Ili, schwer gezeichnet von dem dramatischen Ereignis, wankte auf Ane zu. Sie sah die junge Frau an – und dann schlug sie Ane ins Gesicht.
»Warst du das?«, fragte sie kalt.
Evelyn, Ane und auch Moana, die soeben dazugekommen war, waren fassungslos angesichts dieses ungeheuerlichen Verdachts.
»Großtante!«, hauchte Ane entsetzt. »Wie kommst du denn …?«
Eine zweite Ohrfeige traf ihre andere Wange.
»Warst du das?«, fragte Ili, jedes einzelne Wort betonend.

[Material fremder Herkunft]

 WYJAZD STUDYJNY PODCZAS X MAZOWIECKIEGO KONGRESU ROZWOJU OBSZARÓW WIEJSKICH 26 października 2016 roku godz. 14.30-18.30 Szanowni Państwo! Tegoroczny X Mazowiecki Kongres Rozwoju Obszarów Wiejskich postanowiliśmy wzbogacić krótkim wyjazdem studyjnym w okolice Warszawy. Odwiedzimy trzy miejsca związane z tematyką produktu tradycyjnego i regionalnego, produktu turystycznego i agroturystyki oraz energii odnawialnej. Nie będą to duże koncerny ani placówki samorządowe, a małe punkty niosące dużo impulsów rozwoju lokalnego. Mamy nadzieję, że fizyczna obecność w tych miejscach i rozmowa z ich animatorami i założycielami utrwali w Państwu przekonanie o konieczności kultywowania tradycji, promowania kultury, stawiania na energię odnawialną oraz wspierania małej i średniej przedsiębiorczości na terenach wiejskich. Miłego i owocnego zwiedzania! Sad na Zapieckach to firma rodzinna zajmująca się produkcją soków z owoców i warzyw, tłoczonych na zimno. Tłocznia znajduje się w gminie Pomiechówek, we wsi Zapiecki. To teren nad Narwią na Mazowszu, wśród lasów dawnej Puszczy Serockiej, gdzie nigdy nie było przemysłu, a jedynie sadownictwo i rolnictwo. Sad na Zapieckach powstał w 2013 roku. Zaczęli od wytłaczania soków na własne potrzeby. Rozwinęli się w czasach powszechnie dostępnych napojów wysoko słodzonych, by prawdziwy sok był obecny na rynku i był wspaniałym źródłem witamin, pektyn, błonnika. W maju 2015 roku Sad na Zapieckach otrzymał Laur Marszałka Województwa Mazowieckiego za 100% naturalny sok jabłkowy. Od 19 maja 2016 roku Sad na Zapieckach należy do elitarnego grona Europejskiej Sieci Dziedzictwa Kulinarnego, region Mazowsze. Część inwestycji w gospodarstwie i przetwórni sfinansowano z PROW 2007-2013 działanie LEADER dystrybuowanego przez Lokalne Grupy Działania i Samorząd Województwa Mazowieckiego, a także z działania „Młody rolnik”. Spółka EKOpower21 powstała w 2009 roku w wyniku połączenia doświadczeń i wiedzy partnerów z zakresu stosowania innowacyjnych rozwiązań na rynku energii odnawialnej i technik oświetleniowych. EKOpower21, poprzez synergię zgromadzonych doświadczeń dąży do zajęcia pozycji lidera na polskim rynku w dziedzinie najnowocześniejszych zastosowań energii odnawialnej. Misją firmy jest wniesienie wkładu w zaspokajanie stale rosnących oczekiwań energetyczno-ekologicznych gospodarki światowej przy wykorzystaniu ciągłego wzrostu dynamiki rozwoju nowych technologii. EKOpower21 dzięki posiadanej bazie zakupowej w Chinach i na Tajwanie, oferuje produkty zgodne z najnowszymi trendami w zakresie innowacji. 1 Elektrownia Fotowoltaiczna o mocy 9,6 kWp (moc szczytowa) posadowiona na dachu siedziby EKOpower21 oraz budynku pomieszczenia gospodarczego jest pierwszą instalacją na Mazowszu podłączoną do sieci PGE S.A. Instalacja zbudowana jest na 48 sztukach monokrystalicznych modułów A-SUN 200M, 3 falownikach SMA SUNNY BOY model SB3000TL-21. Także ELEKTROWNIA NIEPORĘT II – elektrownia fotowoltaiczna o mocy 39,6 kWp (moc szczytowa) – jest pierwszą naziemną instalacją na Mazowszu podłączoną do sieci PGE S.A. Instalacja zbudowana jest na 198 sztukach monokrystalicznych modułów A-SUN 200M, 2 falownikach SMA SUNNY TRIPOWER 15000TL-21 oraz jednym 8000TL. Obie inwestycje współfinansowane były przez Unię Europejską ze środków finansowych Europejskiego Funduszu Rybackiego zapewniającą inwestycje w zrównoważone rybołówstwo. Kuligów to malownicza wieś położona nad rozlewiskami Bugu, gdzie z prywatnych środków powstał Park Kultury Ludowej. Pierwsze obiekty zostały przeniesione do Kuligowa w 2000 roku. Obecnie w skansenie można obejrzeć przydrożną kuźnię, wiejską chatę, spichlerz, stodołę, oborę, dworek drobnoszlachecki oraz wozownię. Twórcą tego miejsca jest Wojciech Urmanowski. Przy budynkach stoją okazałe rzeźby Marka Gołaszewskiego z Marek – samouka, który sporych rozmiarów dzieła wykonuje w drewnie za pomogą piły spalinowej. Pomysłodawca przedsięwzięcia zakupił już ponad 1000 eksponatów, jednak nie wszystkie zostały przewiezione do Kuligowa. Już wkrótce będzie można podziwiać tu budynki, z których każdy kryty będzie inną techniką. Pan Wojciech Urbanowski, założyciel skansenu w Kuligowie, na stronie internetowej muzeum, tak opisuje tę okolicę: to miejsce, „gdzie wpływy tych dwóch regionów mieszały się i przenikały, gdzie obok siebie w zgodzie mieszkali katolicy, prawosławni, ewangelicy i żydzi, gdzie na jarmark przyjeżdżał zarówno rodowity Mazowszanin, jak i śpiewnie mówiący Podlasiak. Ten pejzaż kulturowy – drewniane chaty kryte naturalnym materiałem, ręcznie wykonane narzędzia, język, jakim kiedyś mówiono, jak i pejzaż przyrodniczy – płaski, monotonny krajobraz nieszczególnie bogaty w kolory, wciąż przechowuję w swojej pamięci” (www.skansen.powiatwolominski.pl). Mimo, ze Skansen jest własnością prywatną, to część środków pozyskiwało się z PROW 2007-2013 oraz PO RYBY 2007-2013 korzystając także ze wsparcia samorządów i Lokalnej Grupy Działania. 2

Ane war den Tränen nahe. Sie hielt sich die zitternde Hand vor den Mund und tauschte einen langen Blick mit Ili, in dem sich Verwirrung, Angst, Wut und sogar Unterwürfigkeit spiegelten. Schließlich lief sie ohne ein weiteres Wort davon.
Ili presste ihre Hände auf ihr Gesicht, sank auf die Knie und schluchzte.

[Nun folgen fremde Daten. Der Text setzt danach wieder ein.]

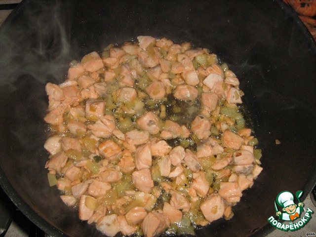 режем свежий или размороженный лосось на кубики.удаляем косточки

Evelyn ging zu ihr. Sie streichelte der Greisin den Rücken und die Haare und versuchte, sie durch einige beruhigende Worte zu trösten.
»Es ist ja gut«, flüsterte sie. »Alles kommt wieder in Ordnung. Das Haus steht, die Plantage ist auch noch da, und Ane wird Ihnen bestimmt nicht böse sein. Jeder versteht, dass das schwere Tage für Sie sind.«
Moana war näher gekommen und sah auf die kauernde Ili herab. Evelyn erwartete einen erneuten Hassausbruch Moanas oder dieses furchtbare, gehässige Gelächter angesichts der verzweifelten, am Boden zerstörten Rivalin. Doch nichts geschah. Moana wirkte eher nachdenklich als triumphierend, und nach einer Weile raffte sie ihr Tuch enger um die Schultern und schlurfte bedächtig, so als sei überhaupt nichts geschehen, in ihren unversehrten Teil des Papaya-Palastes.
Eine seltsame Familie, dachte Evelyn. Eine Familie, aus der sie einfach nicht schlau wurde.